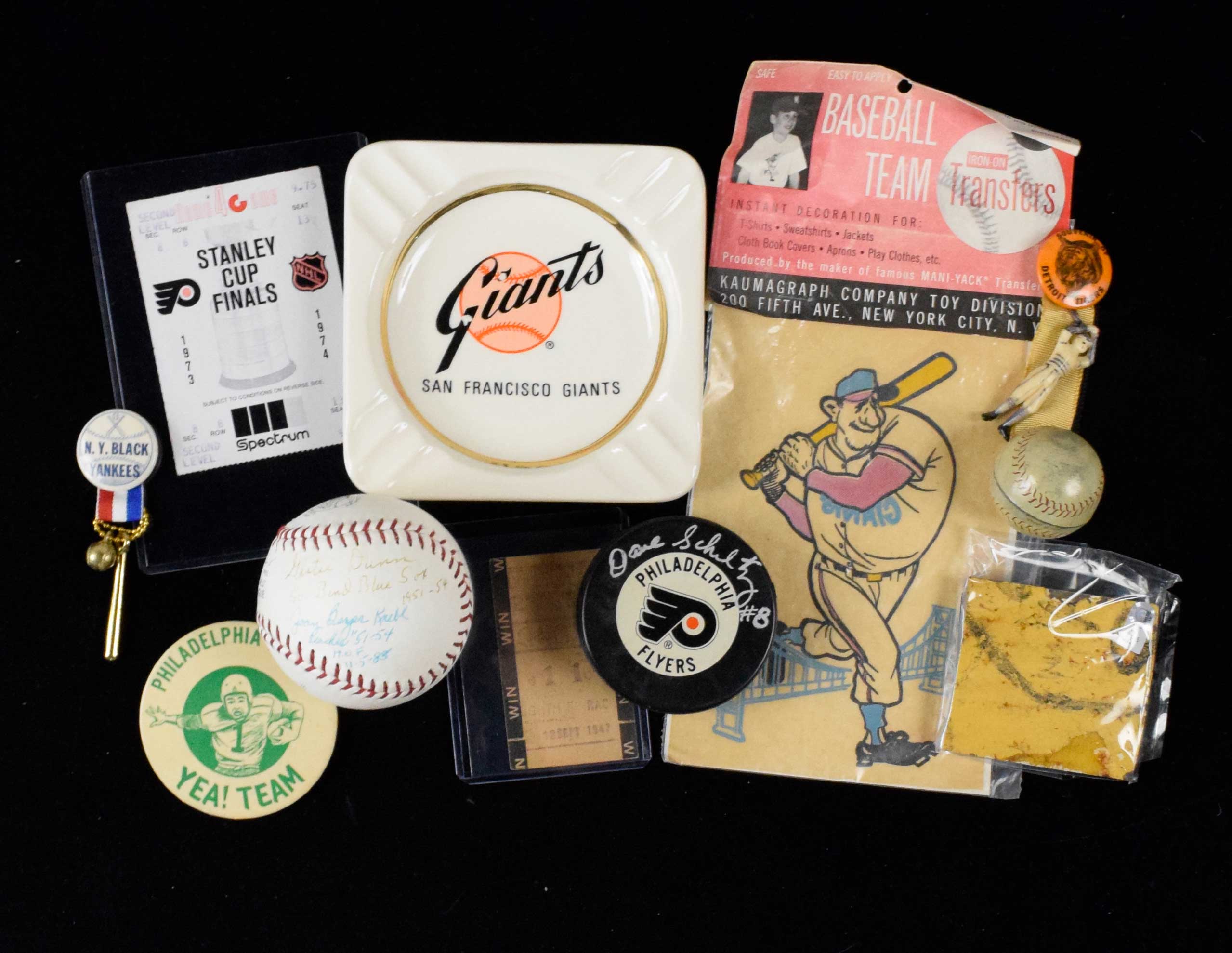 Description:Box of assorted sports memorabilia, including Yankee Stadium foul pole piece, vintage pins and autos (VG-NM). Eclectic assortment of mostly baseball and football memorabilia, with many nice vintage pieces and some autographs. Highlights include a piece of Yankee Stadium right field foul pole (1923-2008) with MLB Authentication sticker affixed and Steiner COA; 1973-74 Philadelphia Flyers Stanley cup Finals Game 4 ticket stub signed on the reverse by Bernie Parent, Dave Schultz, Joe Watson, Bob Kelly, and Bill Clement; c. 1940s N.Y. Black Yankees pin with charm; All American Girls Baseball League baseball signed by (5), including Gertie Dunn, Joan Berger Knebl, Alice Deschaine and Ruth Richard; c. 1960s San Francisco Giants and Los Angeles Dodgers (Dodgers has chip/piece missing) ashtrays; c. 1960s Kaumagraph S.F. Giants Baseball Team Transfer in original packaging; Sept. 18, 1947 Garden State Park Racetrack "Win" ticket stub; 1981 Philadelphia Eagles full-size NFC Champs pennant; 1960 Fleer football 11-card panel uncut sheet (commons and minor stars); Philadelphia Flyers logo puck signed by Dave Schultz; vintage Eagles button and 2017 Eagles replica Super Bowl ring; sports card show flyer signed by Jon Matlack; c. 1950s Detriot Tigers pin with charm, plus numerous other souvenir pieces and small modern tchotchkes. Signatures range from 7/8 out of 10 and items range GD-NM.
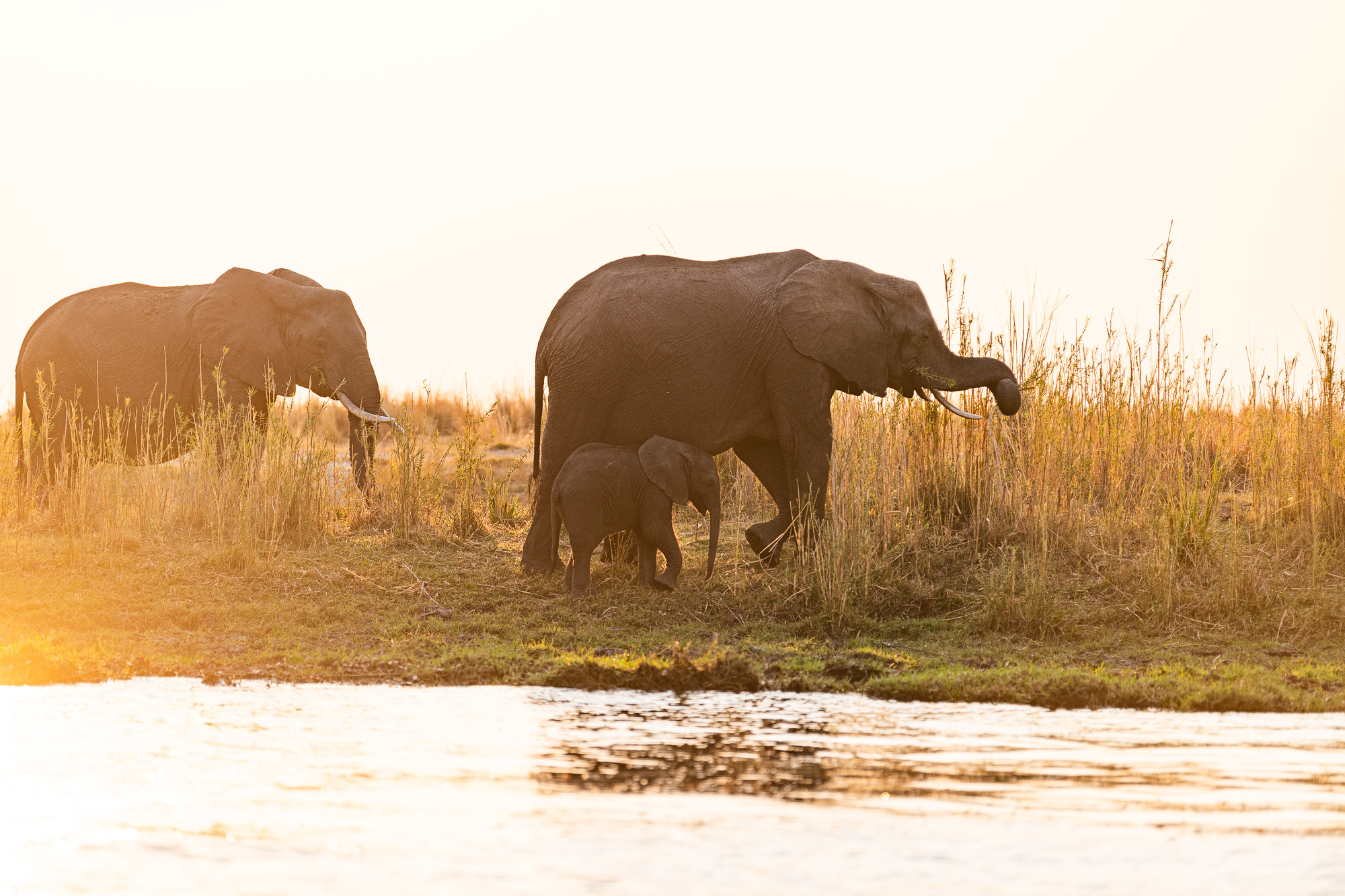 Experience the awakening of Africa at dawn as herds of elephants make their way to the Chobe River for their first drink of the day. Join us on an open-air vehicle safari through lush Chobe National Park, encountering a variety of elusive wildlife.
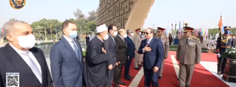 السيسي يضع إكليلًا من الزهور على النصب التذكاري لشهداء القوات المسلحة في ذكرى تحرير سيناء
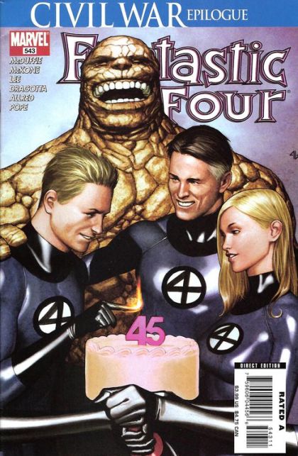 While Ben and Johnny watch the kids, and watch a retrospective on the carreers of the Fantastic Four, Reed and Sue attempt to work out their recent marital problems. The two decide that it's going to take more than one night to address the problems they had during the Civil War, and decide that they have to leave the team for awhile, allowing Black Panther and Storm to temporarily take their places.
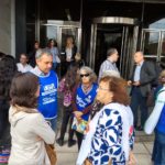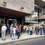 AMSAFE/CTA de lxs Trabajadorxs de Santa Fe presentes este jueves 28 de marzo junto al Foro Contra la Impunidad y por la Justicia de Santa Fe y compañerxs de las distintas organizaciones que lo componen en la puerta del Tribunal Oral Federal de Santa Fe en el inicio de un nuevo juicio por delitos de lesa humanidad.
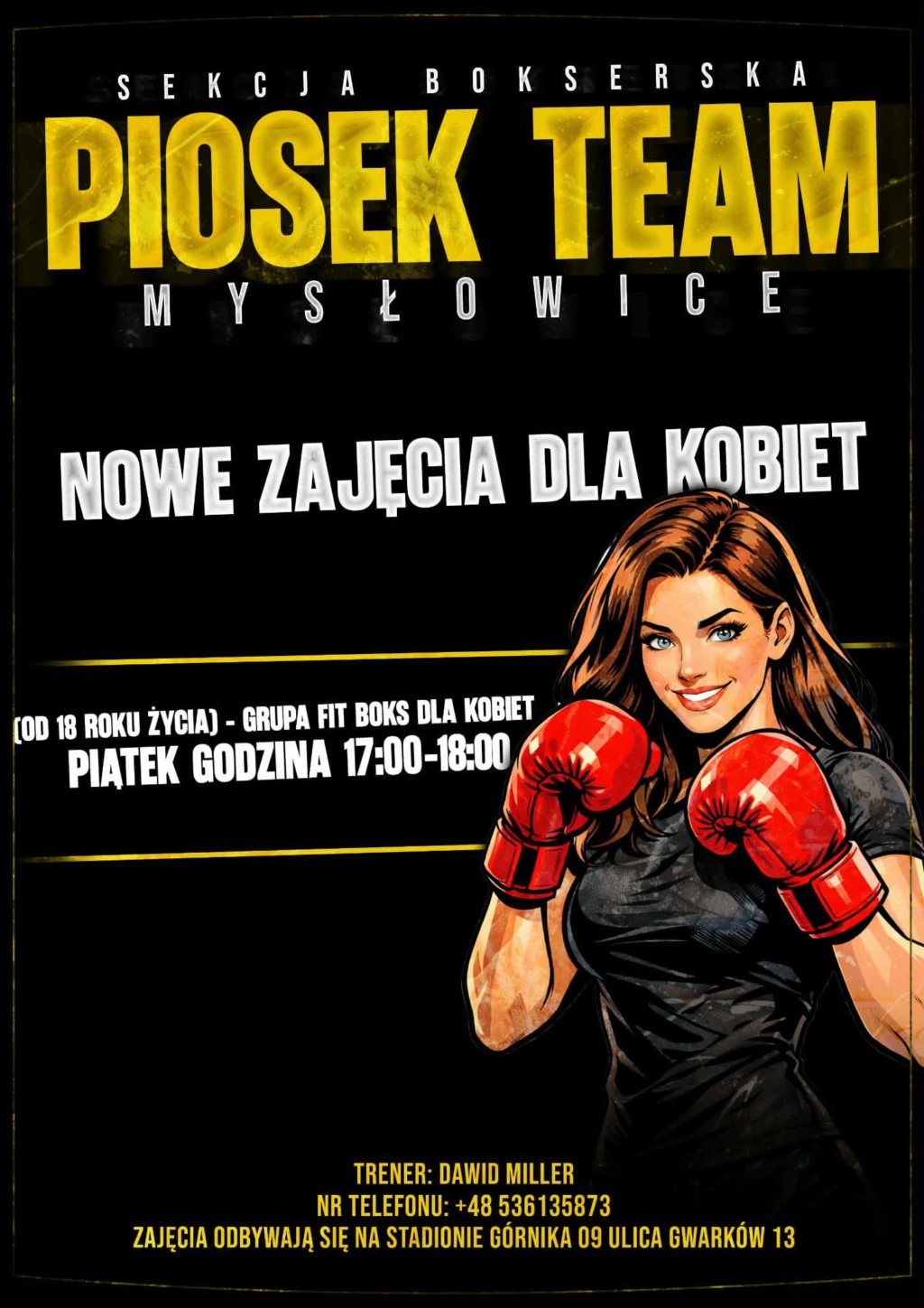 Sekcja bokserska Piosek Team Mysłowice ogłasza nabór na nowe zajęcia Fit Boks dla kobiet. Treningi są przeznaczone dla pań od 18. roku życia, niezależnie od poziomu zaawansowania – zarówno dla początkujących, jak i tych, które chcą poprawić kondycję, sylwetkę i pewność siebie.
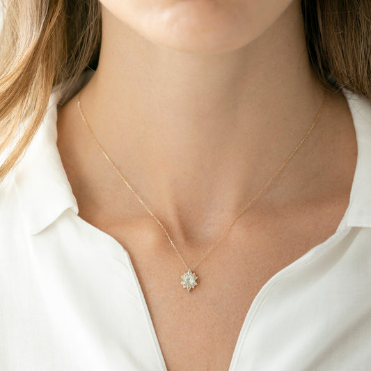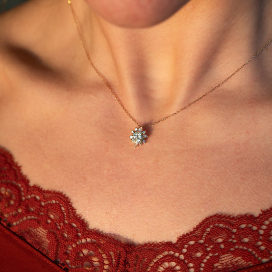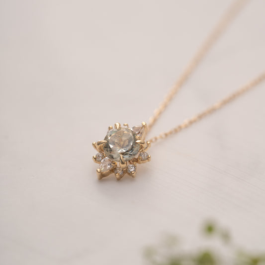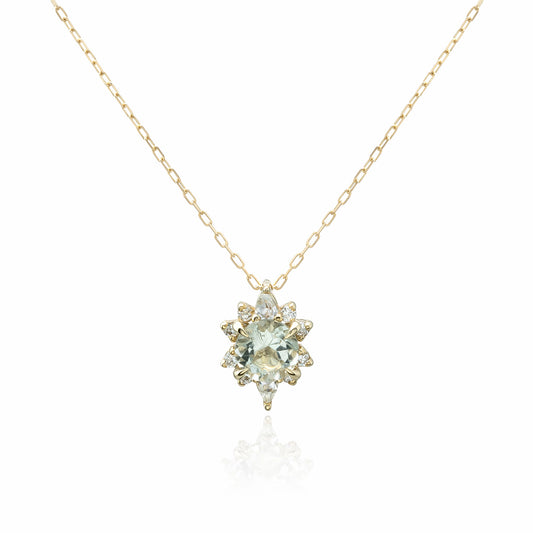 A stunning lotus flower choker pendant necklace with an ethically sourced pear cut green amethyst at its centre. Round cut lab grown diamond petals encircle the claw set gem with a sunburst halo on an elegant yellow gold chain. Lotus flowers bloom beautifully each morning from murky waters so the Karensa Pendant represents purity and resilience and is sure to imbue its wearer with inner strength and beauty. A feminine charm halo flower pendant which balances delicate tones of green and yellow gold to create a glittering and irresistible piece of jewellery. A sparkling piece sure to charm all who glimpse it.
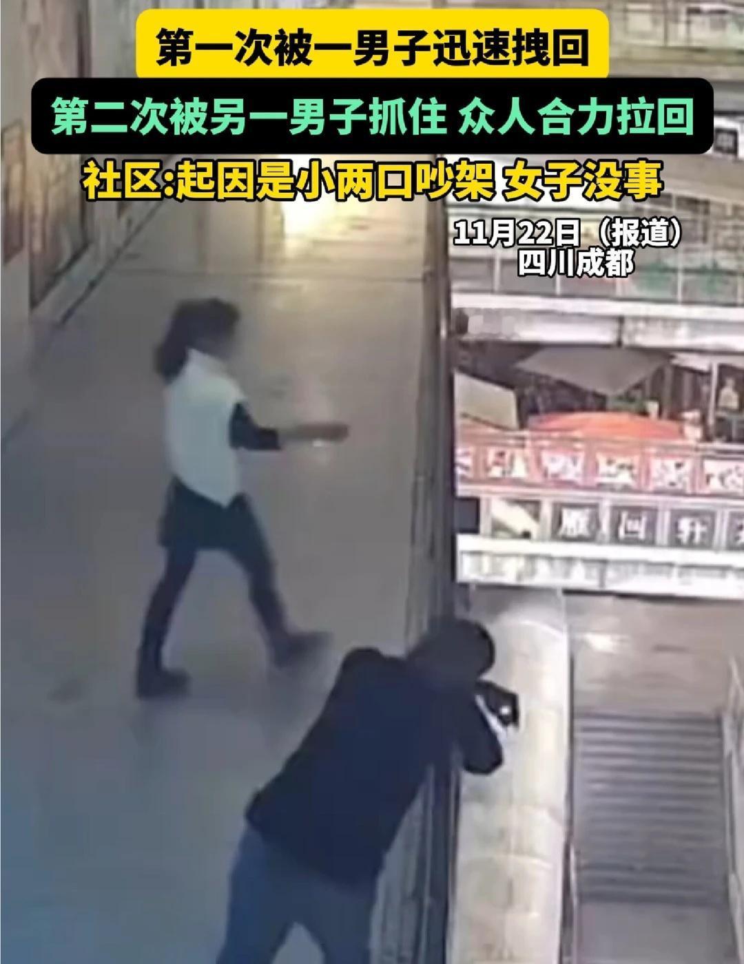 1分钟内!女子两次翻越护栏欲从5楼跳下 第一次被一男子迅速拽回,第二次被另一男子抓住 众人合力拉回...社区:起因是小两口吵架 女子没事
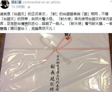 比如前不久,台湾“驻日代表”谢长廷在日本参加活动时,赠礼竟将谢长廷名字错成“射长廷”,引发了岛内媒体的热议,连台湾自由作家洛杉基都酸其说:这是“台语文”的正式官文,“射大使”果然不凡!
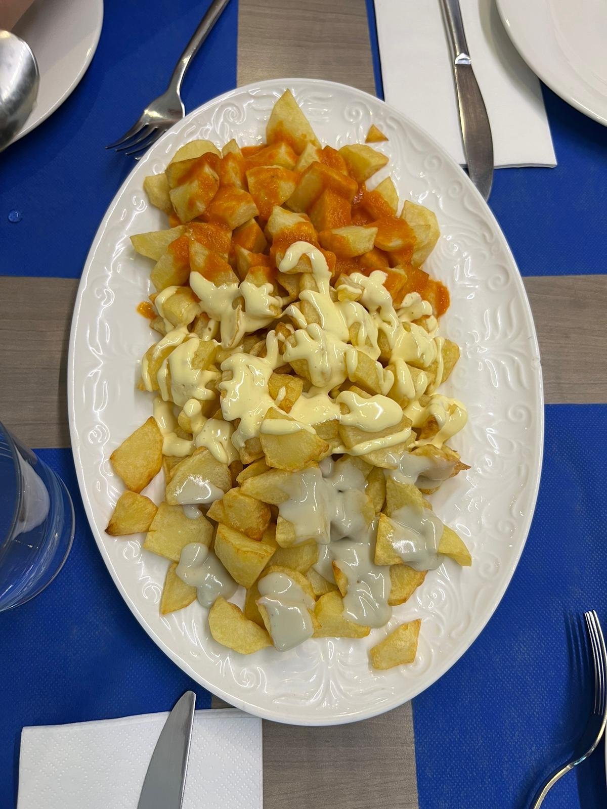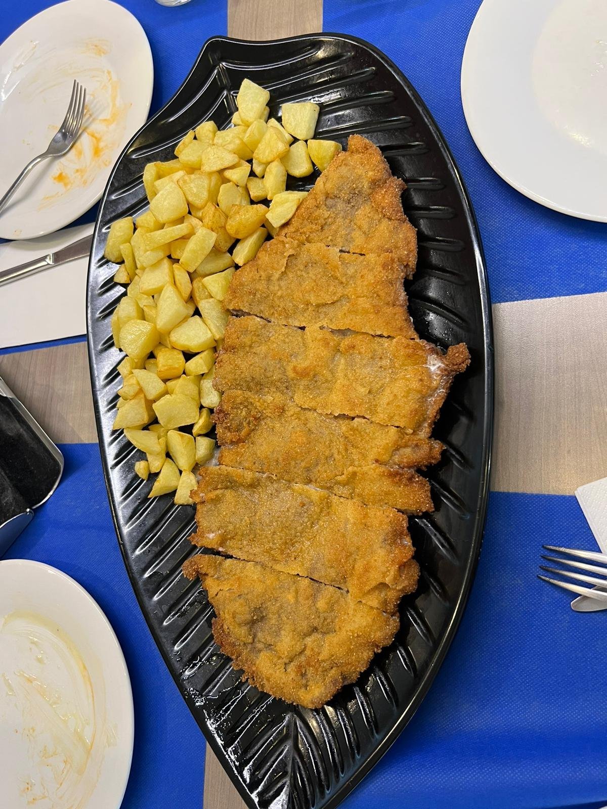 - Několikrát jsme se stavili na denní menu (menú del día). V pracovní dny ho nabízí snad každá restaurace zhruba mezi 13-16 hodinou. Cena byla obvykle 12-15 €. Vesměs by stačila 3 menu pro nás čtyři, porce byly veliké. Menu zahrnuje 2 chody (1. chod není zdaleka vždycky polévka), nápoj, dezert a/nebo kávu.

□ □ □ □

▶ _Your assignment_:
Write out the listing above in full, word for word, with no pictures.

▶ _Problem solution_:
 Description:Box of assorted sports memorabilia, including Yankee Stadium foul pole piece, vintage pins and autos (VG-NM). Eclectic assortment of mostly baseball and football memorabilia, with many nice vintage pieces and some autographs. Highlights include a piece of Yankee Stadium right field foul pole (1923-2008) with MLB Authentication sticker affixed and Steiner COA; 1973-74 Philadelphia Flyers Stanley cup Finals Game 4 ticket stub signed on the reverse by Bernie Parent, Dave Schultz, Joe Watson, Bob Kelly, and Bill Clement; c. 1940s N.Y. Black Yankees pin with charm; All American Girls Baseball League baseball signed by (5), including Gertie Dunn, Joan Berger Knebl, Alice Deschaine and Ruth Richard; c. 1960s San Francisco Giants and Los Angeles Dodgers (Dodgers has chip/piece missing) ashtrays; c. 1960s Kaumagraph S.F. Giants Baseball Team Transfer in original packaging; Sept. 18, 1947 Garden State Park Racetrack "Win" ticket stub; 1981 Philadelphia Eagles full-size NFC Champs pennant; 1960 Fleer football 11-card panel uncut sheet (commons and minor stars); Philadelphia Flyers logo puck signed by Dave Schultz; vintage Eagles button and 2017 Eagles replica Super Bowl ring; sports card show flyer signed by Jon Matlack; c. 1950s Detriot Tigers pin with charm, plus numerous other souvenir pieces and small modern tchotchkes. Signatures range from 7/8 out of 10 and items range GD-NM.
 Experience the awakening of Africa at dawn as herds of elephants make their way to the Chobe River for their first drink of the day. Join us on an open-air vehicle safari through lush Chobe National Park, encountering a variety of elusive wildlife.
 السيسي يضع إكليلًا من الزهور على النصب التذكاري لشهداء القوات المسلحة في ذكرى تحرير سيناء
 While Ben and Johnny watch the kids, and watch a retrospective on the carreers of the Fantastic Four, Reed and Sue attempt to work out their recent marital problems. The two decide that it's going to take more than one night to address the problems they had during the Civil War, and decide that they have to leave the team for awhile, allowing Black Panther and Storm to temporarily take their places.
 AMSAFE/CTA de lxs Trabajadorxs de Santa Fe presentes este jueves 28 de marzo junto al Foro Contra la Impunidad y por la Justicia de Santa Fe y compañerxs de las distintas organizaciones que lo componen en la puerta del Tribunal Oral Federal de Santa Fe en el inicio de un nuevo juicio por delitos de lesa humanidad.
 Sekcja bokserska Piosek Team Mysłowice ogłasza nabór na nowe zajęcia Fit Boks dla kobiet. Treningi są przeznaczone dla pań od 18. roku życia, niezależnie od poziomu zaawansowania – zarówno dla początkujących, jak i tych, które chcą poprawić kondycję, sylwetkę i pewność siebie.
 A stunning lotus flower choker pendant necklace with an ethically sourced pear cut green amethyst at its centre. Round cut lab grown diamond petals encircle the claw set gem with a sunburst halo on an elegant yellow gold chain. Lotus flowers bloom beautifully each morning from murky waters so the Karensa Pendant represents purity and resilience and is sure to imbue its wearer with inner strength and beauty. A feminine charm halo flower pendant which balances delicate tones of green and yellow gold to create a glittering and irresistible piece of jewellery. A sparkling piece sure to charm all who glimpse it.
 1分钟内!女子两次翻越护栏欲从5楼跳下 第一次被一男子迅速拽回,第二次被另一男子抓住 众人合力拉回...社区:起因是小两口吵架 女子没事
 比如前不久,台湾“驻日代表”谢长廷在日本参加活动时,赠礼竟将谢长廷名字错成“射长廷”,引发了岛内媒体的热议,连台湾自由作家洛杉基都酸其说:这是“台语文”的正式官文,“射大使”果然不凡!
 - Několikrát jsme se stavili na denní menu (menú del día). V pracovní dny ho nabízí snad každá restaurace zhruba mezi 13-16 hodinou. Cena byla obvykle 12-15 €. Vesměs by stačila 3 menu pro nás čtyři, porce byly veliké. Menu zahrnuje 2 chody (1. chod není zdaleka vždycky polévka), nápoj, dezert a/nebo kávu.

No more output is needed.